Creating lightning is an important tool for studying the mechanisms of lightning and testing the lightning resistance of airplanes and infrastructure, added Kasparian and colleagues.
Scientists have been able to trigger lightning strikes since the 1970s by shooting small rockets, spooling long wires behind them, into thunderclouds. But only about half these attempts work, said Kasparian and colleagues. Laser technology, they added,
could make the process easier, cheaper and could open up new applications.
Lightning still isn’t fully understood, though it been studied since the times of Benjamin Franklin, who famously tied a key to the end of a kite string and flew the kite in a thunderstorm. When sparks leapt from the key, he correctly concluded lightning
is an electrical current.
Kasparian and colleagues, atop New Mexico’s South Baldy Peak during two storms, said they used laser pulses to create filaments of charged gas that conduct electricity akin to Franklin’s kite string. No air-to-ground lightning was triggered because the filaments were too short-lived, the researchers said. But further improvements, they added, could come by reprogramming their lasers with more sophisticated pulse sequences.

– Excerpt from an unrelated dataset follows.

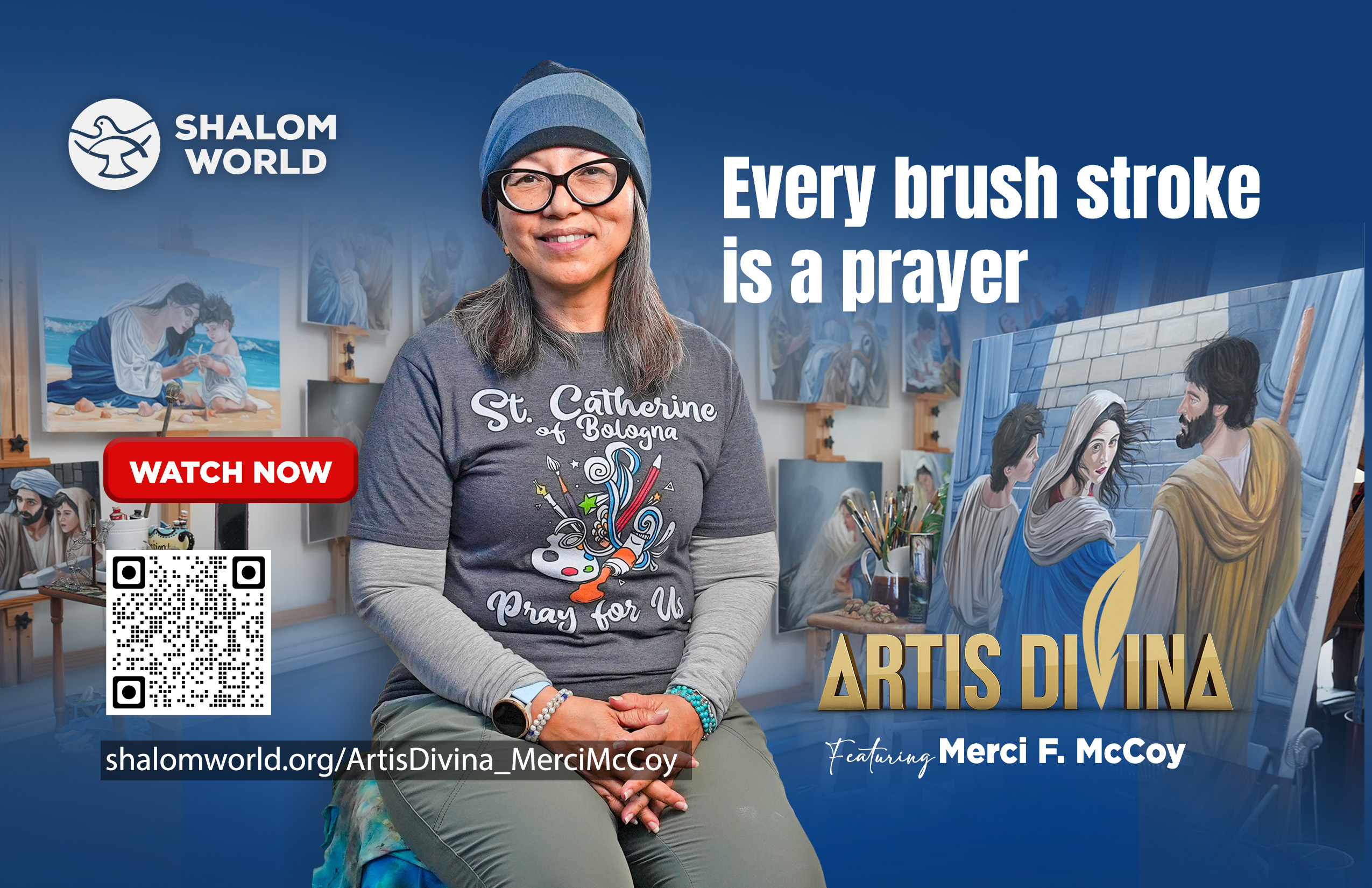 The Shalom World Artis Divina show is about artists who share their story about their inspired creations, faith journey and art rooted in faith. I am profoundly humbled and honored to be featured as one of the artists on Artis Divina. I am incredibly grateful to Shalom Media and all involved in bringing this to light. It truly is an answered prayer for my parents, † Lloyd and † Mercedes Flores, who were unceasing in their prayers for Mother Mary’s intercessions for me.

Pulsed lasers may be a powerful way to trigger lightning because they can form many so-called plasma filaments, the investigators said. These are channels of ionized, or charged, air molecules that act like conducting wires extending into the cloud.
The idea of using lasers to trigger lightning was first suggested more than 30 years ago, but couldn’t be put in practice before because previous lasers weren’t powerful enough, the scientists said.
Kasparian and colleagues involved in the Teramobile project, an international program initiated by National Center for Scientific Research in France and the German Research Foundation, built a powerful mobile laser capable of generating long plasma channels by firing ultrashort laser pulses.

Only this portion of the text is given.